Top of Given material

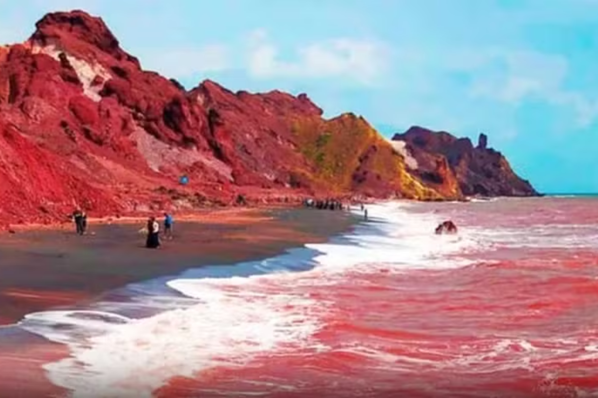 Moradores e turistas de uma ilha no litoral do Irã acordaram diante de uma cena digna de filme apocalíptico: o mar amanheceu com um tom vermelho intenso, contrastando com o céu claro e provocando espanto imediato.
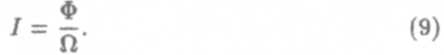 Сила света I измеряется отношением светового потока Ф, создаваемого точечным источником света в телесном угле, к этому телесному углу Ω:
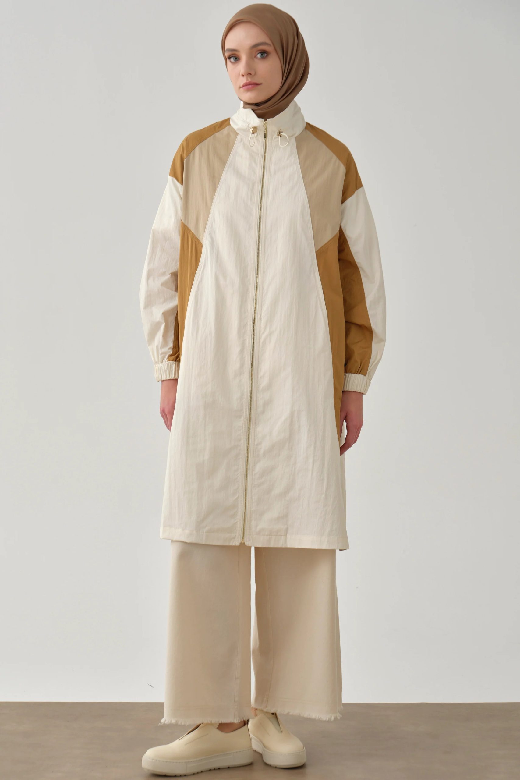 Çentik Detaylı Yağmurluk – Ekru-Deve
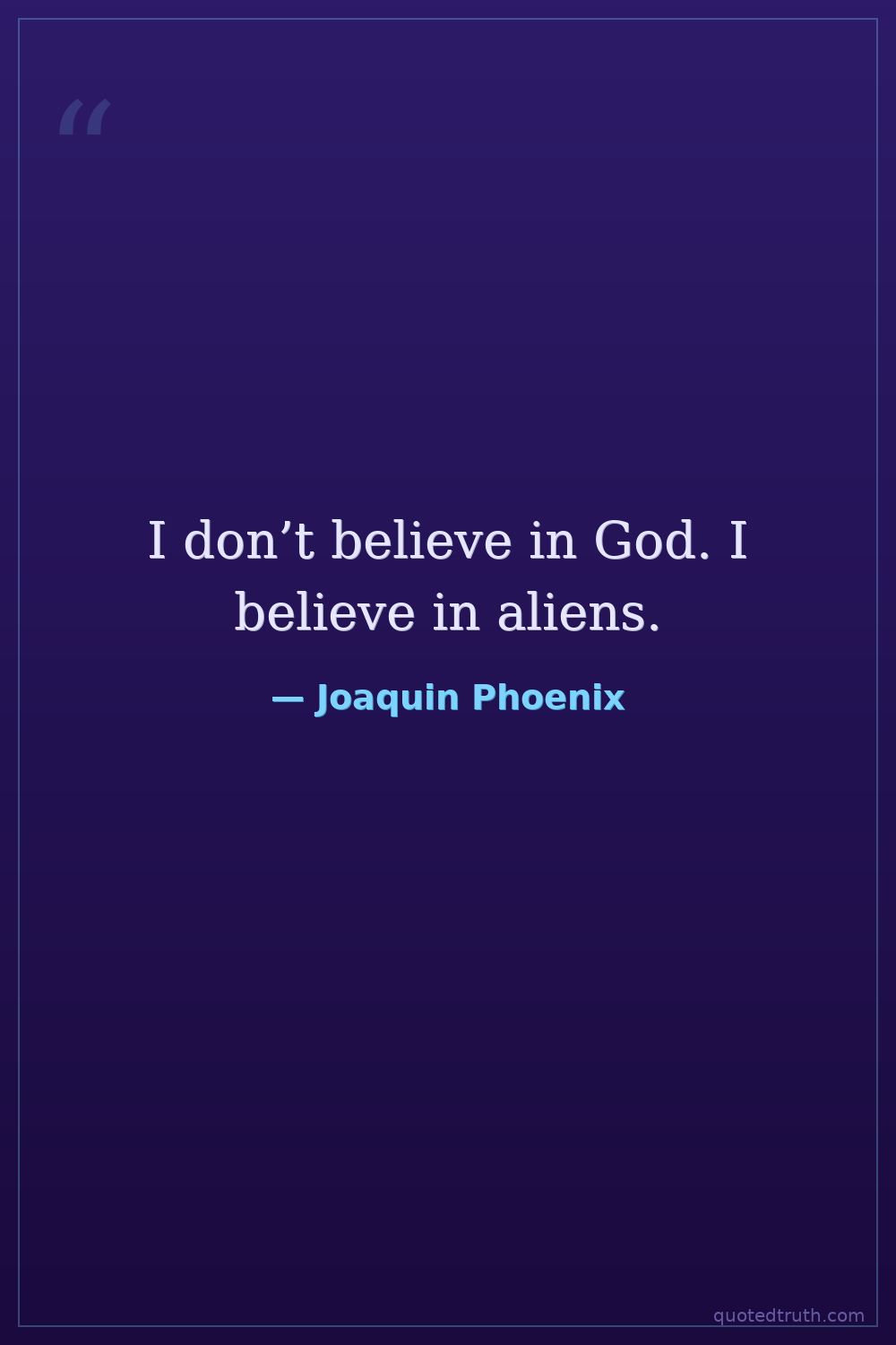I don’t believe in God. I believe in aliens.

Bottom of Given material

What the task asks: What you output must be exactly the lines from the line with "Сила света I" through the last line of the listing, pictures excluded.

Answer box:
 Сила света I измеряется отношением светового потока Ф, создаваемого точечным источником света в телесном угле, к этому телесному углу Ω:
 Çentik Detaylı Yağmurluk – Ekru-Deve
I don’t believe in God. I believe in aliens.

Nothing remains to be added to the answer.